WORK REQUEST:
Repeat exactly the lines of the records below, starting at the line containing "近日,甘肃庆阳剪纸市级非遗传" and ending at the line containing "Travertine Top (KL595)". Leave the pictures out.

EXTRACTED MATERIAL:
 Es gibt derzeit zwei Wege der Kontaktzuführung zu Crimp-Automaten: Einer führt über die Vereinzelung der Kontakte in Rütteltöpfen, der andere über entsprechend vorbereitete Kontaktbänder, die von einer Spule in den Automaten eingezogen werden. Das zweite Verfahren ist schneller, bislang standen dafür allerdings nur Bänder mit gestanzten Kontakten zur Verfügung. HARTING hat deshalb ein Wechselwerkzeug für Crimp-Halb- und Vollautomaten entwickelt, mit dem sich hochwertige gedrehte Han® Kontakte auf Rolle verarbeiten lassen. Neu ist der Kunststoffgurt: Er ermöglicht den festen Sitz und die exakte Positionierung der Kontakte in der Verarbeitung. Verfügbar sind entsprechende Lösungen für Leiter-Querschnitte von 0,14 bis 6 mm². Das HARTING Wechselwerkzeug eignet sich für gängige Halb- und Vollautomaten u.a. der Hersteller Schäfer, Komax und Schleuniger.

* * *

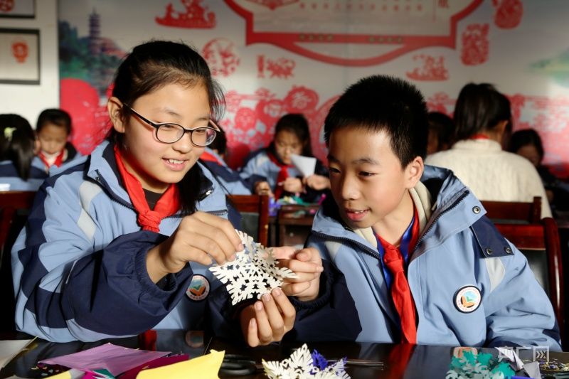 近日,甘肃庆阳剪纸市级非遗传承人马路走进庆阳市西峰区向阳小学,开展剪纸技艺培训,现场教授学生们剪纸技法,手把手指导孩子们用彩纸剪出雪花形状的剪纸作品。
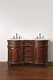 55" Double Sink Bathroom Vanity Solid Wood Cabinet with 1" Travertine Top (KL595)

...

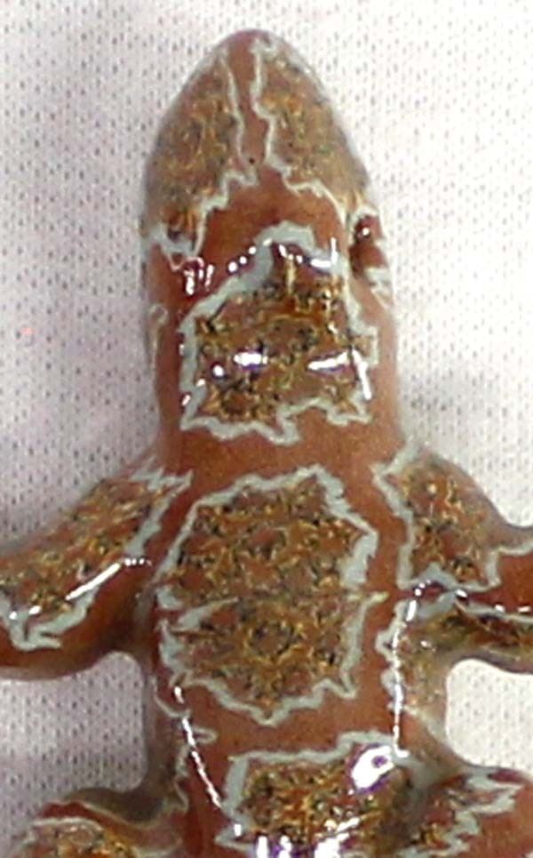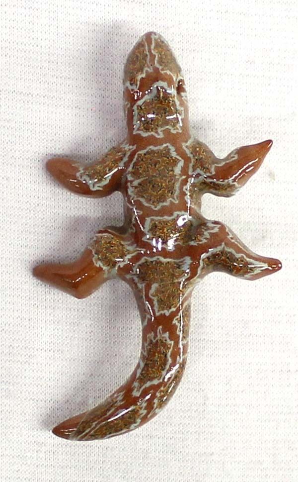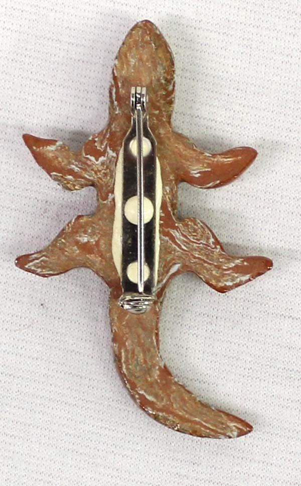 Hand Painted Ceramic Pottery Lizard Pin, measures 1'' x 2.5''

OUTPUT FOR THIS TASK:
 近日,甘肃庆阳剪纸市级非遗传承人马路走进庆阳市西峰区向阳小学,开展剪纸技艺培训,现场教授学生们剪纸技法,手把手指导孩子们用彩纸剪出雪花形状的剪纸作品。
 55" Double Sink Bathroom Vanity Solid Wood Cabinet with 1" Travertine Top (KL595)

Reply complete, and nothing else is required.